Aside from a major switcheroo with the kids’ roles and a completely new ending, Kölsch and Widmyer’s film is relatively safe and unambitious. Instead of digging into King’s novel for fresh ideas, the filmmakers opt to recreate and subvert some of the 1989 film’s most memorable moments, not always successfully. When a character is struck by a speeding truck in the original, Lambert expertly draws out the tension and dread by cutting back and forth between the aloof driver and the happy family picnic, culminating in the simple, haunting image of a bloody shoe rolling across the highway. Here, Kölshe and Widmyer timidly rush through the scene, and cheapen it with a hideous CGI shot of a truck barreling full-speed towards the viewer.

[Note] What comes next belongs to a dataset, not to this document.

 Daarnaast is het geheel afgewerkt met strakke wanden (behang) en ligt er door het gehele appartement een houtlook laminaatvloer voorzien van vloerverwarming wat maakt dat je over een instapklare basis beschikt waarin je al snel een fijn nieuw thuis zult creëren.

The 1989 film was shot in a rented family home in King’s native Maine, lending a warmth and authenticity that’s present in every frame. The house and the woods are important characters in the story, and Lambert treats them as such. The home in Kölsch and Widmyer’s Canadian-shot version feels less lived-in, and a bit artificial. And their vision of the creepy woods is even more hyperbolic and silly than Lambert’s, with cheesy fog effects and unnatural back lighting that constantly remind viewers none of this is real.

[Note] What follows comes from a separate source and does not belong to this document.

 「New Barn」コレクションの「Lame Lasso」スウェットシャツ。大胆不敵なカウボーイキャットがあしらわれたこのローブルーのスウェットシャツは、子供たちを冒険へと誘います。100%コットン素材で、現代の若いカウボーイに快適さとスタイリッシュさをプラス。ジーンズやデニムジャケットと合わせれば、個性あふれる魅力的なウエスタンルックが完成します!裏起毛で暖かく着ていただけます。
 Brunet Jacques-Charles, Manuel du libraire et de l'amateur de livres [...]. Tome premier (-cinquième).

King’s book might be a bit too dense to cram into two hours, and both films suffer from pacing issues. The slow burn of the first hour is jolted by a series of truly batshit crazy events in the second. Lambert’s film packs more of a visceral gut-punch in the end, with its infamous “No fair”scene, and an outrageously bloody final moment. The new film rushes through its last act, leading to a genuinely surprising finale that comes off more mischievous than emotionally resonant. It also, unsurprisingly, sets up an inevitable sequel.

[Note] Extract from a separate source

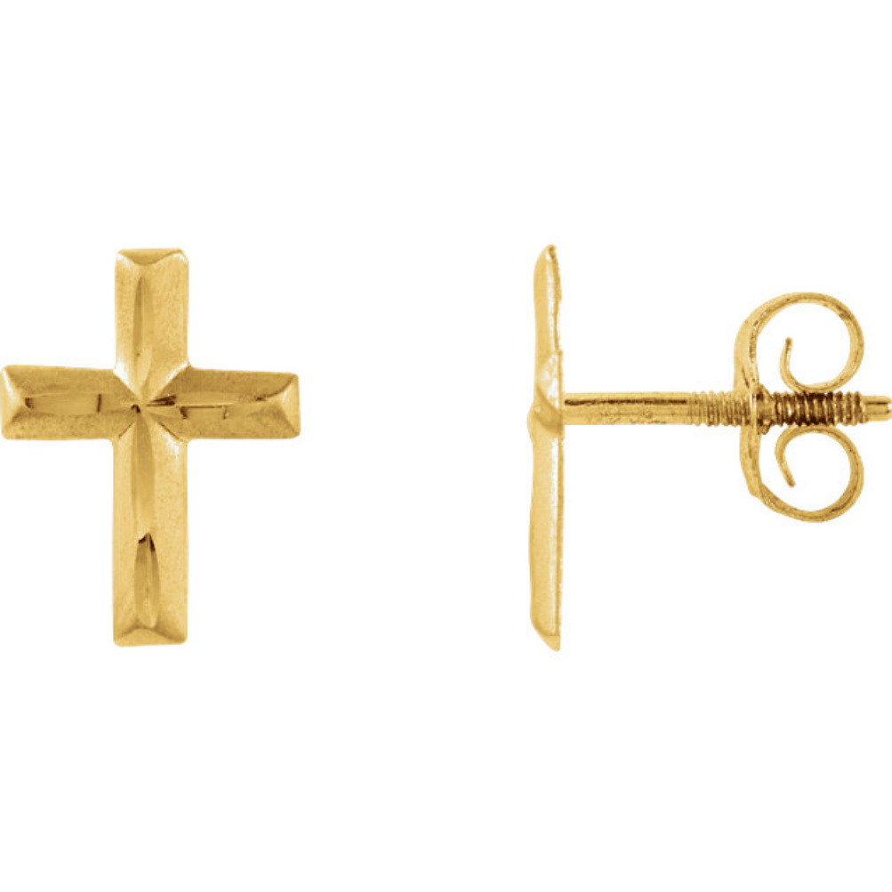 14k Yellow Gold Cross Childrens Earrings-19247-1006

The endlessly sombre tone helps prevent proceedings from sliding into camp territory, though one more “spooky fog” canister in the woods might have pushed it over the edge. Ultimately,despite its shortcomings, the new Pet Sematary is a worthwhile update that respects the source material, while offering plenty of creepy atmosphere and a handful of fresh scares.

Pet Sematary | Directed by Kevin Kölsch, Dennis Widmyer (US 2019) with Jason Clarke, AmySeimetz. Starts April 3.